Step 3: Slide window by 1: remove 't', add 'e' to text_hash for substring "estt"

text_hash=hash("estt") != pattern_hash

Why: Update hash efficiently to check next substring without full recomputation.

Step 4: Slide window by 1: remove 'e', add 's' to text_hash for substring "stte"

text_hash != pattern_hash

Why: Continue sliding to check all substrings.
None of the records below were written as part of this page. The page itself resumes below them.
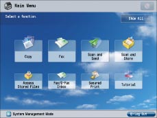 If [Department ID Management] is set to 'On', and if a function restricted by Limit Functions is set for the default screen, the Main Menu screen appears at startup. (If [Department ID Management] is set to 'On', [Copy] is restricted by Limit Functions.) To display the function you set for the default startup screen, select the function on the Main Menu screen → enter the Department ID/PIN on the Log In screen.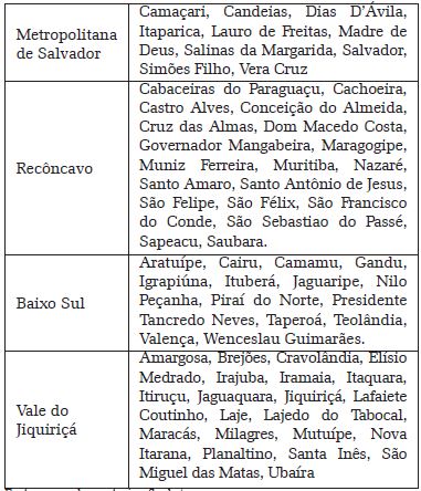 Pela Figura 2, pode-se perceber que os possíveis impactos do SVO vão além dos territórios do Recôncavo e do Baixo Sul e, por essa razão, serão aqui prospectados, além desses dois, os territórios do Vale do Jiquiriçá e da Região Metropolitana de Salvador. Serão utilizados dados sobre população, PIB e PIB per capita, emprego e indicadores de desempenho econômico e social. O Quadro 1, a seguir, relaciona os municípios que formam cada um dos quatro territórios.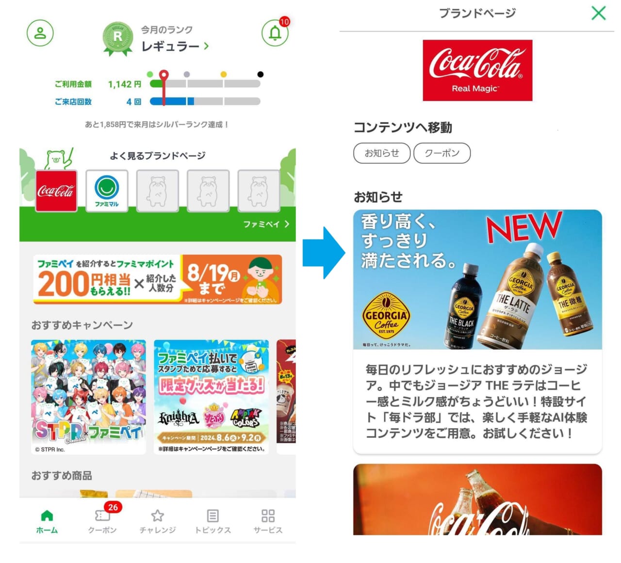 アプリ「ファミペイ」に新たに立ち上がったメーカー専用ページ。画像は日本コカ・コーラのページ

Step 5: Slide window by 1: remove 's', add 't' to text_hash for substring "ttex"

text_hash != pattern_hash

Why: Keep sliding until end of text.

Step 6: Slide window by 1: remove 't', add 'x' to text_hash for substring "text"

text_hash != pattern_hash

Why: Checked all possible positions, only match at index 0.

Result:

Matches found at indices: 0 -> null

Annotated Code

DSA C

#include <stdio.h>
#include <string.h>
#define d 256
#define q 101

void rabinKarp(char* text, char* pattern) {
    int n = strlen(text);
    int m = strlen(pattern);
    int i, j;
    int p = 0; // hash value for pattern
    int t = 0; // hash value for text
    int h = 1;

    // The value of h would be "pow(d, m-1)%q"
    for (i = 0; i < m - 1; i++)
        h = (h * d) % q;

    // Calculate the hash value of pattern and first window of text
    for (i = 0; i < m; i++) {
        p = (d * p + pattern[i]) % q;
        t = (d * t + text[i]) % q;
    }

    // Slide the pattern over text one by one
    for (i = 0; i <= n - m; i++) {
        // Check the hash values of current window of text and pattern
        if (p == t) {
            // If the hash values match, check characters one by one
            for (j = 0; j < m; j++) {
                if (text[i + j] != pattern[j])
                    break;
            }
            if (j == m)
                printf("Pattern found at index %d\n", i);
        }

        // Calculate hash value for next window of text
        if (i < n - m) {
            t = (d * (t - text[i] * h) + text[i + m]) % q;
            // We might get negative value of t, convert it to positive
            if (t < 0)
                t = t + q;
        }
    }
}

int main() {
    char text[] = "testtext";
    char pattern[] = "test";
    rabinKarp(text, pattern);
    return 0;
}

for (i = 0; i < m - 1; i++)
    h = (h * d) % q;

Calculate h = d^(m-1) mod q for rolling hash

for (i = 0; i < m; i++) {
    p = (d * p + pattern[i]) % q;
    t = (d * t + text[i]) % q;
}

Compute initial hash values for pattern and first text window

if (p == t) {
    for (j = 0; j < m; j++) {
        if (text[i + j] != pattern[j])
            break;
    }
    if (j == m)
        printf("Pattern found at index %d\n", i);
}

If hashes match, verify characters to confirm pattern

t = (d * (t - text[i] * h) + text[i + m]) % q;
if (t < 0)
    t = t + q;

Update text hash for next window using rolling hash formula

OutputSuccess

Pattern found at index 0

Complexity Analysis

Time: O(n + m) because we compute hashes once and slide over text once, verifying matches only when hashes match

Space: O(1) because we use fixed extra space for hash calculations and counters

vs Alternative: Compared to naive O(n*m) approach that checks every substring fully, Rabin-Karp uses hashing to skip unnecessary checks, improving average performance

Edge Cases

Empty pattern

Pattern matches at every index 0 to n (n+1 matches printed)

DSA C

int m = strlen(pattern); when m==0, hash loops skipped but main loop runs i=0 to n and verification passes (j==m==0)

Pattern longer than text

No matches found, loop does not run

DSA C

for (i = 0; i <= n - m; i++) (loop condition prevents invalid access)

Pattern equals text

Single match found at index 0

DSA C

if (p == t) { ... } (hash comparison and verification)

When to Use This Pattern

When you need to find a substring quickly multiple times and want to avoid checking every character repeatedly, use Rabin-Karp because it uses hashing to speed up comparisons.

Common Mistakes

Mistake: Not handling negative hash values after rolling hash update
Fix: Add check to convert negative hash to positive by adding modulus q

Mistake: Comparing hashes only without verifying characters
Fix: Always verify characters when hashes match to avoid false positives

Summary

Finds all occurrences of a pattern in a text using hashing to speed up comparisons.

Use when you want faster substring search than naive checking, especially for multiple searches.

The key is using a rolling hash to update substring hashes efficiently instead of recomputing from scratch.